Work required: In the records below, begin at the line that has "New babies will" and stop after the line that has "C2D38737: Вентилятор охлаждения"; quote those lines verbatim and nothing more.

Material provided:
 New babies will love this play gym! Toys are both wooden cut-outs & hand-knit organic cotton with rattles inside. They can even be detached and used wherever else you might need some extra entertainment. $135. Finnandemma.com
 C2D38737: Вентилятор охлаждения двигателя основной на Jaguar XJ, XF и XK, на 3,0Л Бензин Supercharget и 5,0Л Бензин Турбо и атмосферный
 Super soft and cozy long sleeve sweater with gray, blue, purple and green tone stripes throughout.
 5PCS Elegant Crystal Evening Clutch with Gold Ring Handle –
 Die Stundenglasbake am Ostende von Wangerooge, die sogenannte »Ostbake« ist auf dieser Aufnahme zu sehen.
==
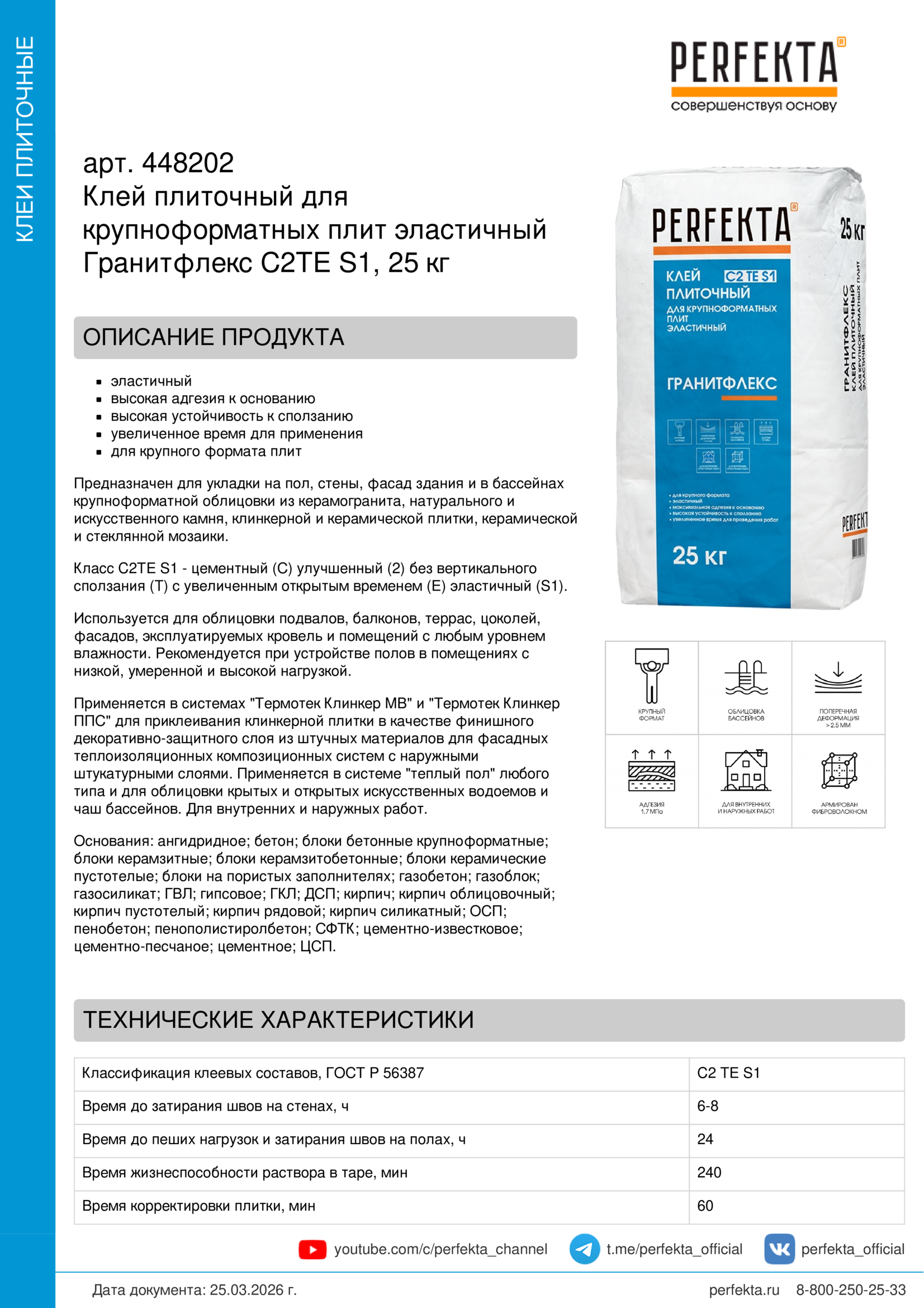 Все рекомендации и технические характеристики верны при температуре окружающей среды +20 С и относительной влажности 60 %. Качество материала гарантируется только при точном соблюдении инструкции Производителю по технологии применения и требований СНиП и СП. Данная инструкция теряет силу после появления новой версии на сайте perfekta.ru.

Written answer:
 New babies will love this play gym! Toys are both wooden cut-outs & hand-knit organic cotton with rattles inside. They can even be detached and used wherever else you might need some extra entertainment. $135. Finnandemma.com
 C2D38737: Вентилятор охлаждения двигателя основной на Jaguar XJ, XF и XK, на 3,0Л Бензин Supercharget и 5,0Л Бензин Турбо и атмосферный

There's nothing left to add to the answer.